**Work instructions**. Leaving all pictures aside, copy exactly the lines from the start of the listing below through the line that contains "영상방향(앞으로, 뒤로, 앞뒤로 재생)", and only those lines.

**Provided data**.

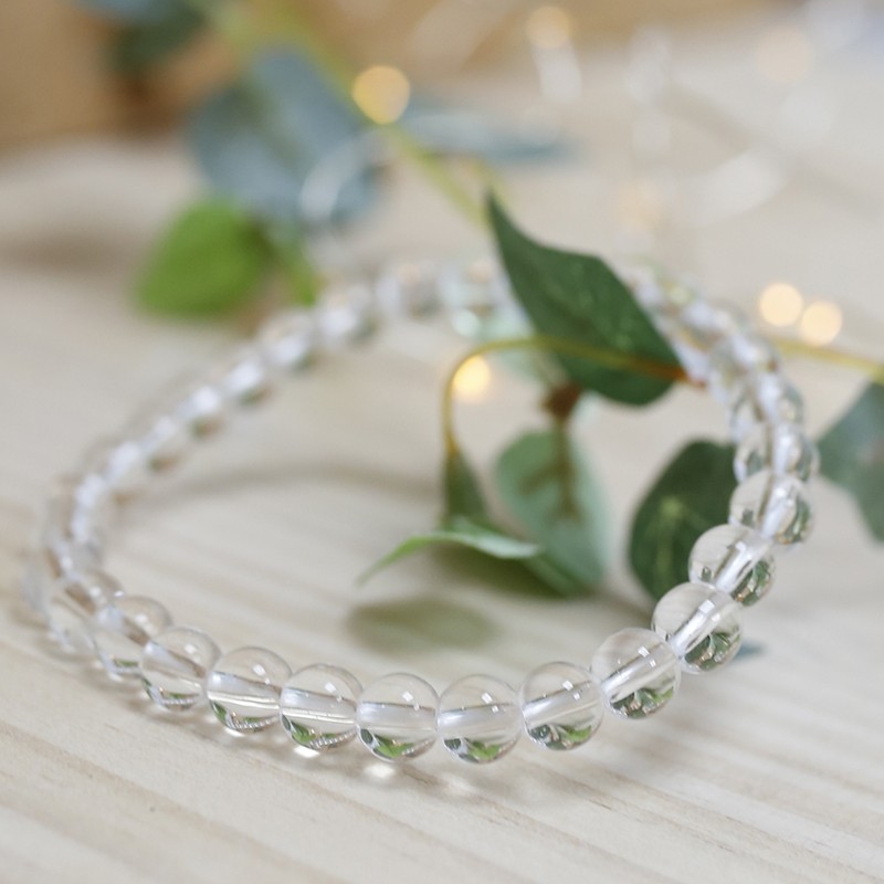 Pulseira de Quartzo Cristal com esferas lisas de 6 mm
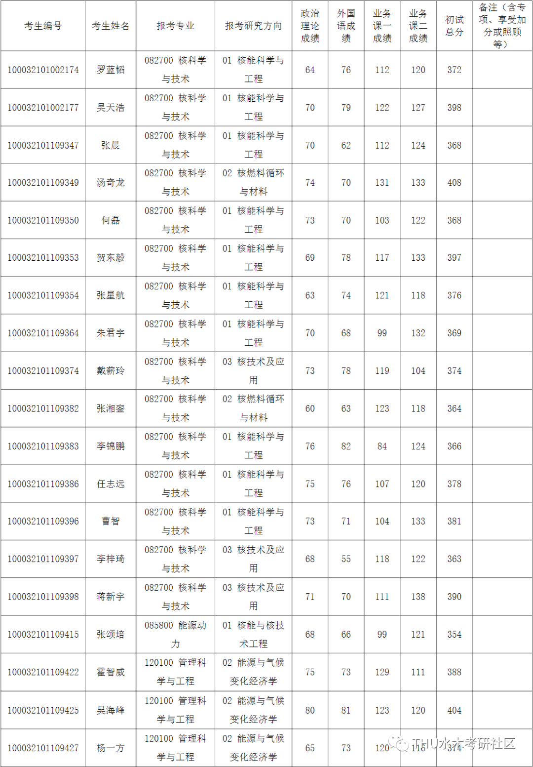 清华大学核能与新能源技术研究院2022年全国硕士研究生招生考试入围复试的名单已确定,现公布如下:
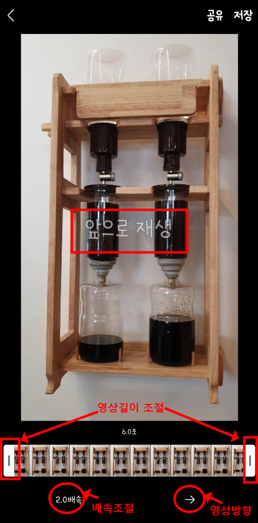 영상방향(앞으로, 뒤로, 앞뒤로 재생)
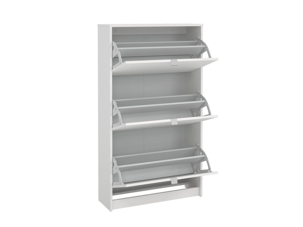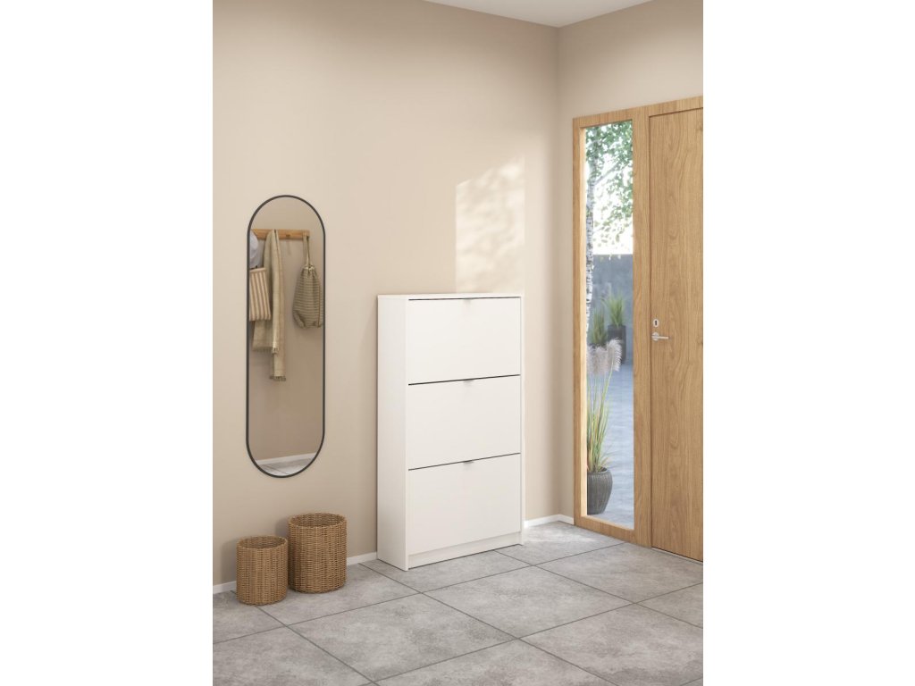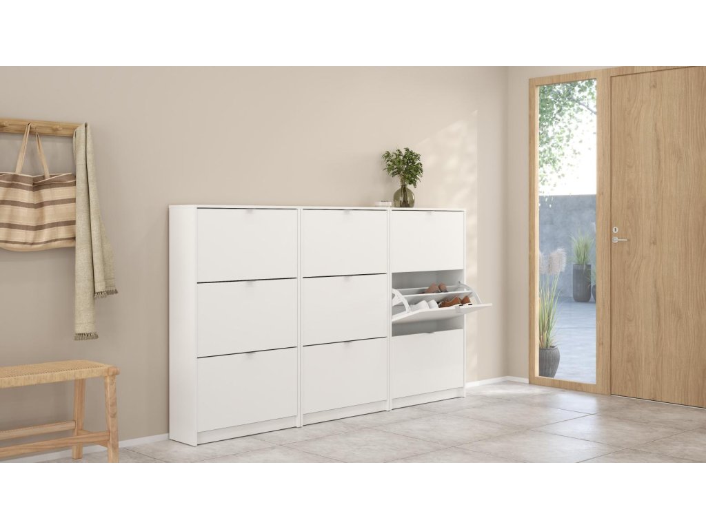 Zachraňte svou předsíň před nepořádkem a pořiďte si botník Flap s výklopnými dvířky. Botník nabízíme v několika variantách, které můžete různě kombinovat a jen na Vás a Vašem prostoru záleží kolik si těchto botníků koupíte a jak si je uspořádáte. V tomto případě se fantazii meze nekladou. Pro inspiraci jsou přiloženy fotografie s vyobrazením, jaké jsou možnosti sestavení. Díky svému provedení pojme botník Flap opravdu velké množství bot. Do každé výklopné přihrádky můžete ukládat boty ve dvou řadách.Vaše předsíň pak bude stále uklizená a zakopávání o boty se stane minulostí. Botník je vyrobený z lamina, které je odolné a snadné na údržbu a nabízíme ho v několika barevných provedeních. Je dodávaný v demontu a součástí balení je montážní návod včetně všech spojovacích prvků. Cena je uvedena za 1 kus botníku Flap se třemi výklopnými přihrádkami. Vyobrazené doplňky a dekorace nejsou v ceně.

**Result below**.
 Pulseira de Quartzo Cristal com esferas lisas de 6 mm
 清华大学核能与新能源技术研究院2022年全国硕士研究生招生考试入围复试的名单已确定,现公布如下:
 영상방향(앞으로, 뒤로, 앞뒤로 재생)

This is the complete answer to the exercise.